There’s a lot to be said for cheap alcohol. Cheap alcohol is great for restaurant, bar, and liquor store sales. Cheap alcohol is great whether your tastes run to 18-year-old single malt or leftover Manischewitz from your best friend’s bat mitzvah. (Don’t look at me.)
In Massachusetts, where alcohol is cheap and plentiful, these are good times for drinkers. Low alcohol excise taxes make it cheaper to have a beer here than in 43 other states, and wine and spirits are cheaper here than in 33 other states. There’s just so much to like about Massachusetts.
But now, in order to raise funds for substance abuse treatment, Boston City Council President Bill Linehan and Boston City Councilor Frank Baker have proposed a 1-2% tax on all alcohol sales in Boston. (Some who follow Boston City Hall closely see Linehan and Baker as acting as stalking horses for Mayor Marty Walsh, who is a strong advocate for the recovery community. If the Councilors are, so what?)
The projected millions in increased revenue would come from raising the cost of alcohol most upon the people who drink the most. It’s a simple equation: the more you drink, the more you pay in alcohol taxes.
Treatment for substance abuse has finally become a political winner. One of Governor Baker’s first acts was the establishment of the Opioid Addiction Working Group, which includes Attorney General Maura Healey who, like Governor Baker, made it a winning campaign issue. The group will submit recommendations in May on how to combat what the governor said is a “public health emergency”. He’s right: opiate overdoses in Massachusetts have tripled since 2000. There were 978 deaths from opiate overdoses here last year.
Yet just as snow upon snow upon snow added up slowly to what would have been instantly recognizable as a single storm worthy of federal disaster relief, drink after drink after drink can add up to a long slow death as worthy of emergency status as the kind you get from a quick overdose of opiates. In fact, a lot more people are dying from alcohol than from opiates. Nationwide, one out of every 10 deaths of working age adults is related to excessive alcohol use.
There’s a lot to be said for expensive alcohol. Tripling alcohol taxes would prevent 6% of motor vehicle deaths, or 3,000 lives, nationally. As Mark Kleiman, Professor of Public Policy at the UCLA School of Public Policy put it, “Price matters a lot to people who use a lot, and so it’s a very good way to regulate consumption.”
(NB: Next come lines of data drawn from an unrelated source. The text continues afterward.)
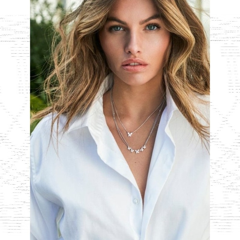 这款项链采用纯银手工制成,微镶了白色氧化锆石。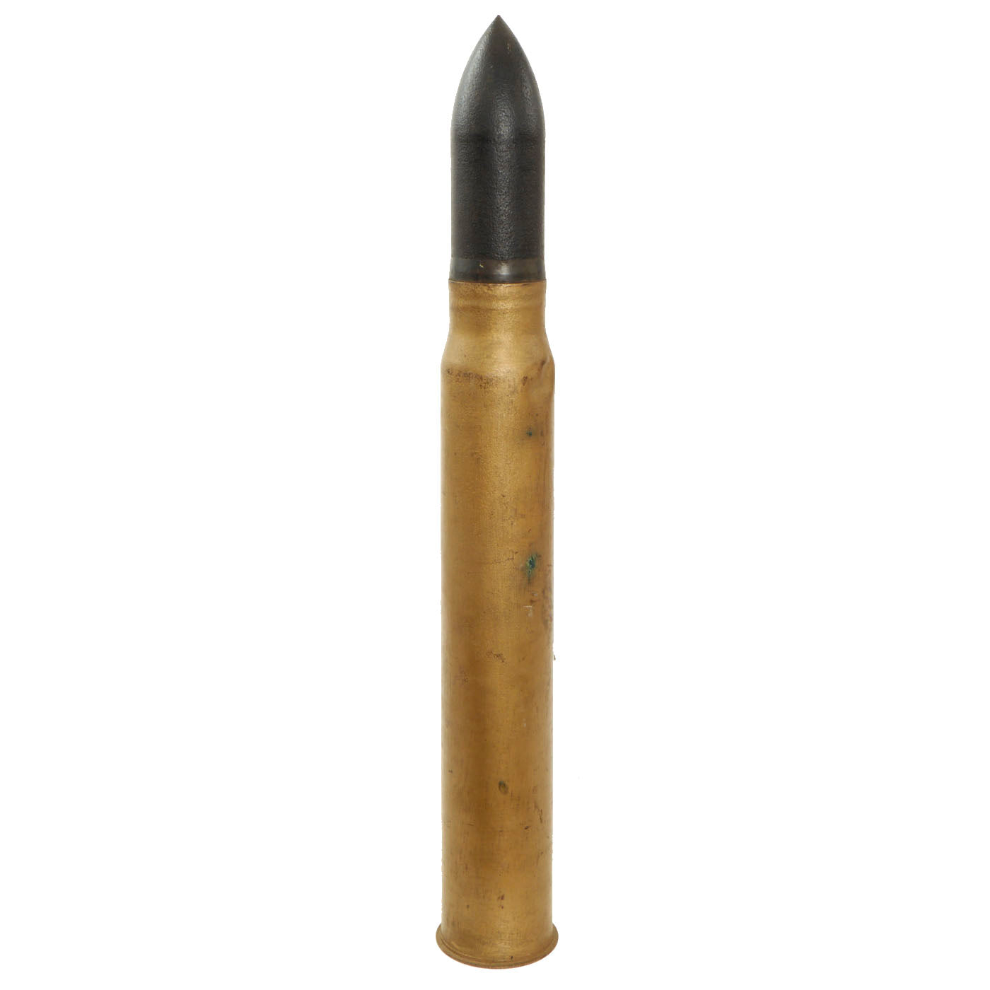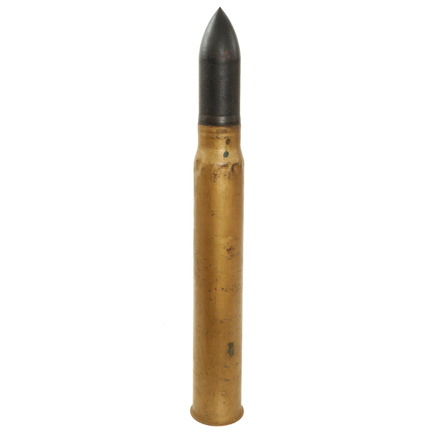 • Original Item: Only One Available. This drill round was designed for the U.S. Navy 3 in. / 50 calibers Dual Purpose Rifled QF Naval gun. This was never a “real” round and was made only for practice purposes. It is completely inert, and cannot be converted to any type of explosive device. The shell weighs 20.2 lbs (9.2kg) and measures 32 inches in overall length.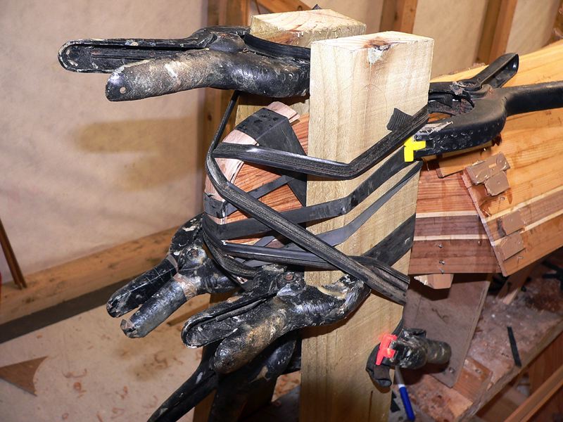 030 Laminating the stern outer stem in place.
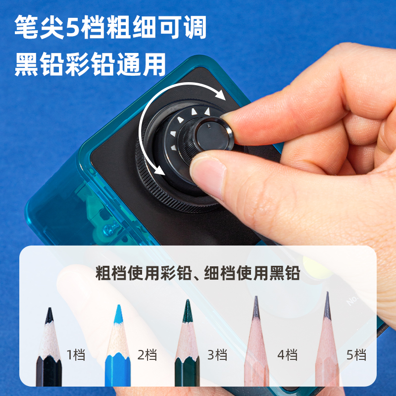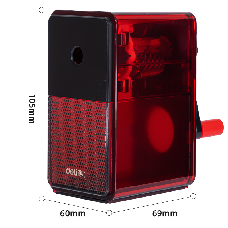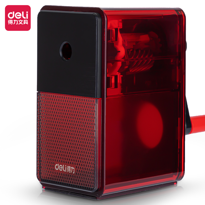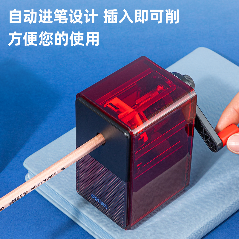 得力(deli)自动进笔卷笔刀 粗细可调削笔器 自动排断芯学生转笔刀 透明红71168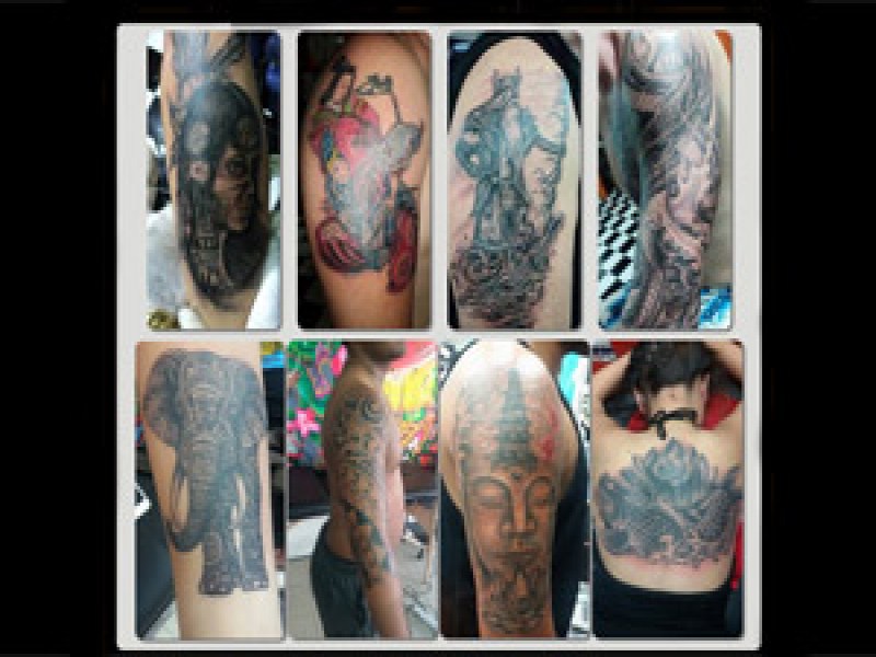 Bless You Tattoo Studio offers traditional Sak Yant tattoos using a stick pock method, blessed in a Thai ceremony, along with machine tattoos in a modern and hygienic studio near Patong.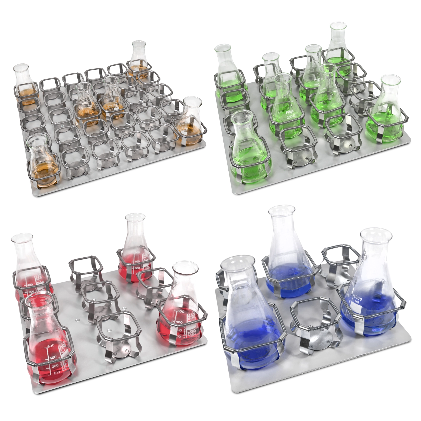 Zestawy platform z koszyczkami na kolby i butelki o różnych pojemnościach kompatybilne z inkubatorem z wytrząsaniem ES-20/80 (K-7974).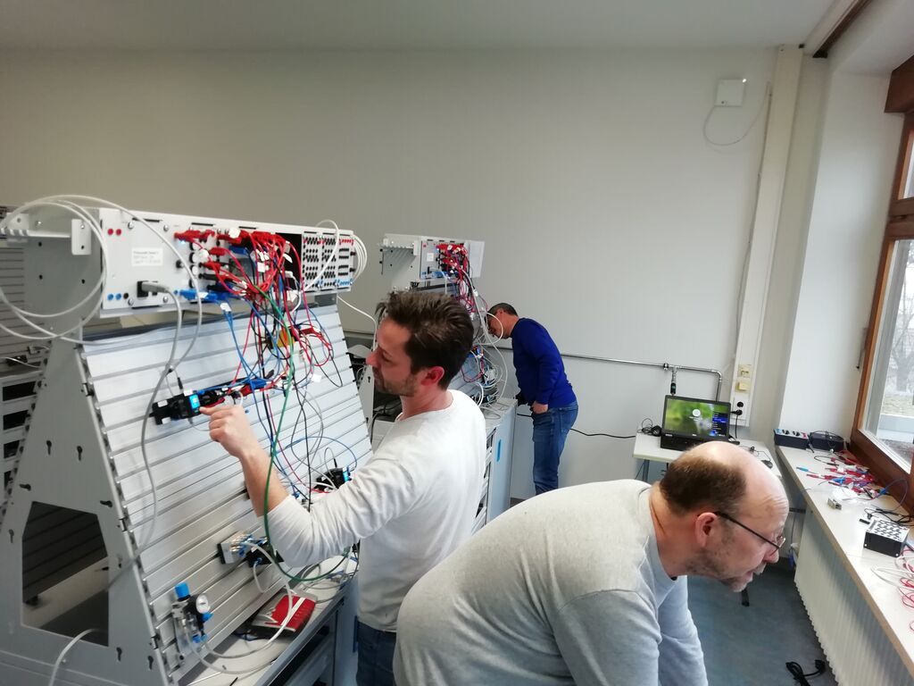 Im Rahmen einer dreitägigen Fortbildung arbeiteten sich die Rodinger Kollegen in die Möglichkeiten der digitalen Vernetzung von Steuerungselementen der Firma Festo ein. Mit Hilfe der neu angeschafften Hard- und Software ist es nun möglich, Informationen und Zustände von Automatisierungsprozessen zu erfassen und weiterzuverarbeiten.

So if increasing the alcohol tax is such a good idea, why limit it to Boston? Perhaps because recent history shows a small majority of Massachusetts voters prefer not to be regulated that way, thank you very much. After the legislature passed a 6.25% tax increase on top of the excise tax in 2009, only a portion of which was designated for substance abuse treatment, voters repealed it in a statewide referendum the following year by a margin of 52-48.
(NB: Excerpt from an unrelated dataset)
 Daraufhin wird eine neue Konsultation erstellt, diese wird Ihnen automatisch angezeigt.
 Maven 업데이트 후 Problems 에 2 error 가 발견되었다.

Boston’s proposed tax can’t become law unless both the Boston City Council and the state legislature want it to. Pro-alcohol tax legislators could jump at the chance to use Boston as a laboratory to show that raising alcohol taxes doesn’t hurt alcohol-related businesses, just as naysayers were proven wrong after restaurants continued to thrive despite smoking bans.
Given all the good reasons for a higher tax on alcohol, why isn’t it easier to implement one? Maybe moderate drinkers are so happy with their cheap drinks they don’t want to hear the truth, which is that they’re paying for the cocktails heavy drinkers order after everyone else goes home.
Excessive drinking costs $1.90 per drink in lost productivity, earnings, and shortened lifespans, according to the Centers for Disease Control. It adds up to $224 billion per year nationwide. An extra $1.90 a drink is a lot less than the 1-2% Boston proposal.
Either way, the cost of heavy drinking must be paid. If the Boston City Council or the legislature votes against the proposal, they will have to find another way to pay the social cost. Without a fair tax on alcohol, a drink looks a lot cheaper than it is, especially when you’re buying a third, fourth, or fifth one. But think about it: everyone is paying the price of heavy drinking. So who should pay the most? The people who drink the most, or everyone else?